- Task requirements -
Nothing but the lines from the top of the data to the line holding "La Coordinación General" should be printed, word for word and both ends included; leave the pictures out.

[Information shown]

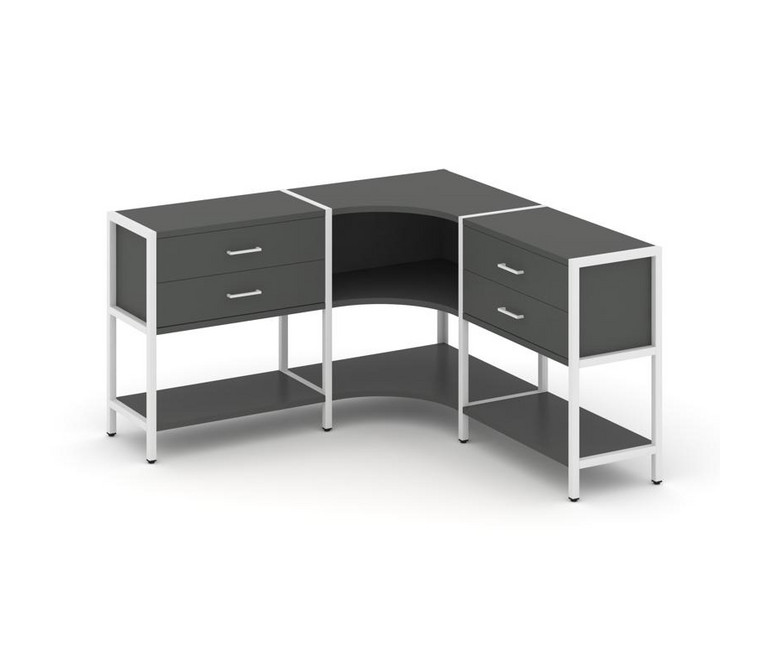 Shelf System Трехсекционный угловой стеллаж двухярусный с ящиками SN.STMU-231 Антрацит/Металл Белый
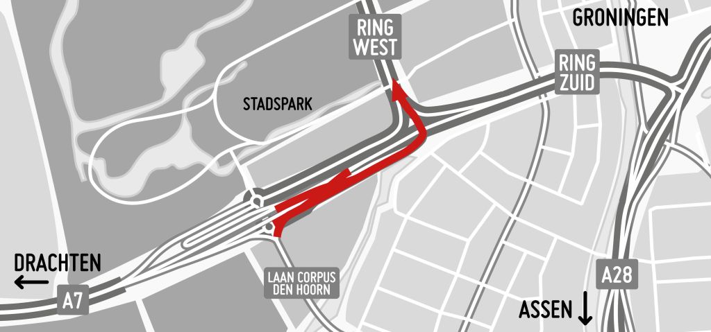 Van zondag 1 oktober 22.00 uur tot maandag 6 november 06.00 uur kan het verkeer vanuit Drachten en vanaf de Laan Corpus den Hoorn geen gebruikmaken van de verbinding naar Ring West. Ook de toerit vanaf de rotondes bij het Stadspark naar het Julianaplein is dicht.
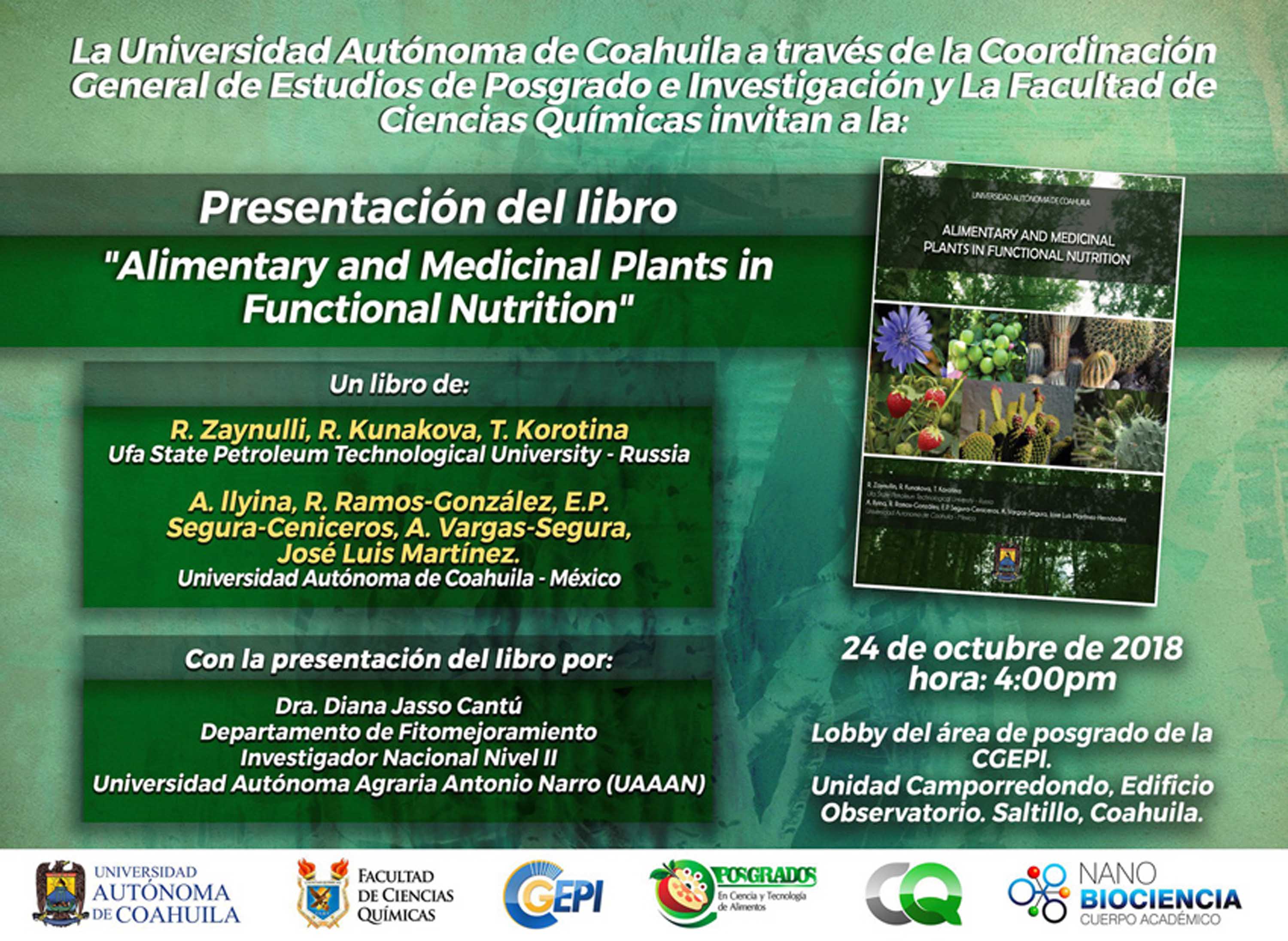 La Coordinación General de Estudios de Posgrado e Investigación CGEPI y la Facultad de Ciencias Químicas de la Universidad Autónoma de Coahuila, invitan a la presentación del libro «Plantas Alimentarias y Medicinales en Nutrición Funcional”.
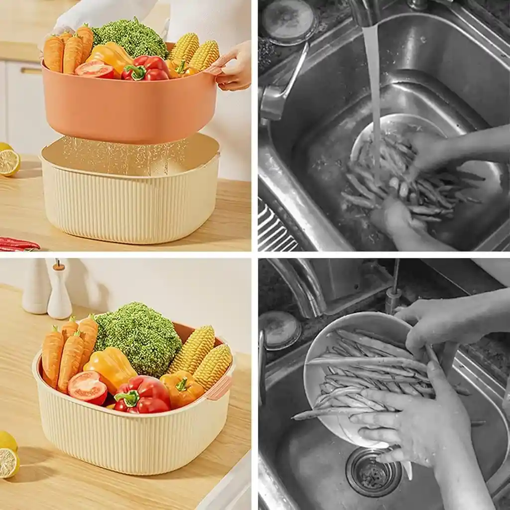 Esta cesta escurridor para verduras, frutas y alimentos es un utensilio imprescindible para cualquier cocina moderna. Diseñada para facilitar el lavado y secado de tus ingredientes, su estructura de doble capa permite separar el agua de manera eficiente, garantizando un drenaje rápido y limpio. Su diseño hueco evita que el agua se acumule, manteniendo la encimera seca y los alimentos frescos. Es perfecta para quienes valoran la practicidad y el orden en la preparación diaria de comidas. Fabricada en materiales duraderos como PET y PP de alta resistencia, esta cesta no se deforma ni se rompe fácilmente, asegurando un uso prolongado. Su forma compacta ahorra espacio y es fácil de almacenar, mientras que sus superficies lisas facilitan la limpieza a mano o en lavavajillas. Si buscas comodidad, higiene y eficiencia al preparar tus alimentos, esta cesta escurridor es la opción ideal para tu cocina. Medida: 28 x 12 cm

[/Information shown]

- Response area -
 Shelf System Трехсекционный угловой стеллаж двухярусный с ящиками SN.STMU-231 Антрацит/Металл Белый
 Van zondag 1 oktober 22.00 uur tot maandag 6 november 06.00 uur kan het verkeer vanuit Drachten en vanaf de Laan Corpus den Hoorn geen gebruikmaken van de verbinding naar Ring West. Ook de toerit vanaf de rotondes bij het Stadspark naar het Julianaplein is dicht.
 La Coordinación General de Estudios de Posgrado e Investigación CGEPI y la Facultad de Ciencias Químicas de la Universidad Autónoma de Coahuila, invitan a la presentación del libro «Plantas Alimentarias y Medicinales en Nutrición Funcional”.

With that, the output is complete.